A part of the processing liquid containing the high-boiling compound extracted from the bottom of the distillation column 21 is circulated to the bottom of the first distillation column through a pipe 214 branched from a discharge pipe 213 of the first distillation column can liquid pump 26. However, the remaining part is maintained at the bottom of the first distillation column 21 so as to keep the liquid level constant.
While being controlled by the liquid level control valve 29 provided in the discharge pipe 213, the liquid is drawn out of the system by the first distillation tower can liquid pump 26 through the pipe 212 and the discharge pipe 213 of the first distillation tower can liquid pump 26. It is. The amount of the high-boiling-point compound-containing treatment liquid withdrawn out of the system depends on the exhaust gas treatment flow rate in the first distillation column 21 and the operating temperature and pressure conditions of the first distillation column 21 described later. It is preferably about 1 to 3% by weight of the total amount of exhaust gas introduced into one distillation column 21. Therefore, this high-boiling-point compound-containing treatment liquid has a considerably high BOD value or COD value. However, when the treatment flow rate of the exhaust gas in the first distillation column 21 is small, it can be directly discarded. . However, from the viewpoint of preventing pollution, it is preferable to perform pollution-free treatment by supplying the wastewater to a known suitable wastewater treatment facility such as an activated sludge treatment facility or a waste liquid combustion treatment facility, or by handing it over to a waste disposal company. On the other hand, an exhaust gas containing the low-boiling compound and the vapor of the processing liquid is discharged from the top of the first distillation column 21, and is introduced into a lower portion of the second distillation column 22 through a pipe 215.
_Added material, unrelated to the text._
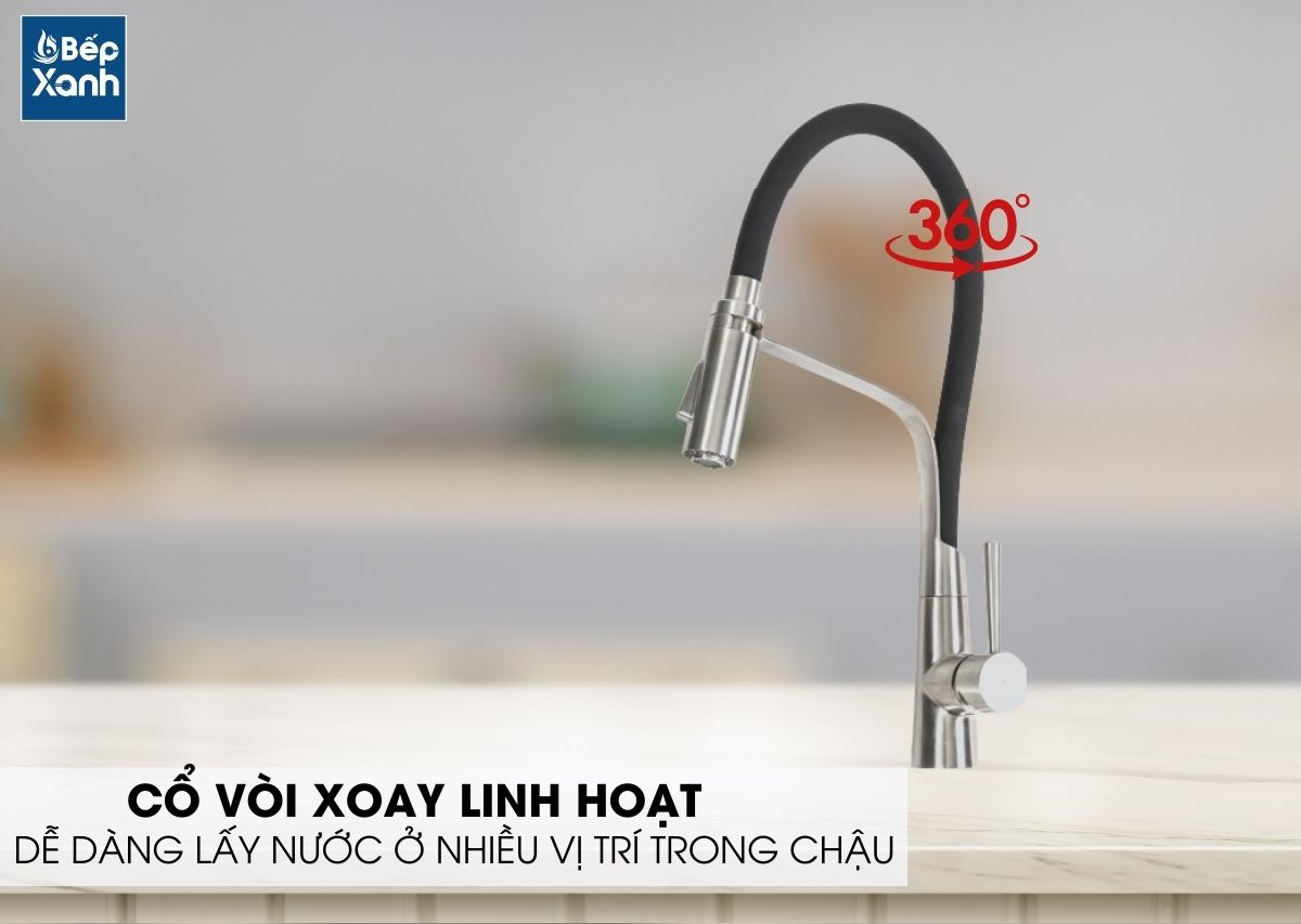 Vòi rửa chén Malloca K596S có phần cổ vòi xoay 360 độ di chuyển linh hoạt trong khắp chậu rửa thay vì được cố định như các vòi rửa thông thường, nhờ đó các vị trí xa đều có thể tiếp cận được dễ dàng. Với ưu điểm lớn này sẽ tạo được sự thoải mái và tiện lợi hơn khi sử dụng và vệ sinh.

The operating pressure in the first distillation column 21 is not particularly limited. Therefore, the first distillation column 21 can be operated under reduced pressure or under increased pressure. However, in the case of the reduced pressure operation, a decompression equipment such as a vacuum pump is required. Since the equipment cost is large, such as a demand for pressure resistance, the method of the present invention is preferably operated at a normal pressure of 0 to 0.2 kg / cm ² G. The operating temperature in the first distillation column 21 is, as described above, the amount of the exhaust gas introduced into the first distillation column 21 at the above-mentioned operating pressure, as described above.
It may be appropriately selected so that it can be separated into a treatment liquid containing a high-boiling compound of about% by weight and a remaining exhaust gas containing a vapor of the low-boiling compound and the treatment liquid. That is, the first
The operation temperature of the distillation column 21 should be selected in consideration of the treatment flow rate and composition of the exhaust gas, the operation pressure condition, and the like so that the above-described separation can be performed. When operating at a bottom temperature of 100 to 12
It is desirable that the temperature is 0 ° C and the tower top temperature is 100 to 105 ° C. When the operating temperature of the first distillation column 21 is out of this range,
This is not preferable because the above separation becomes insufficient.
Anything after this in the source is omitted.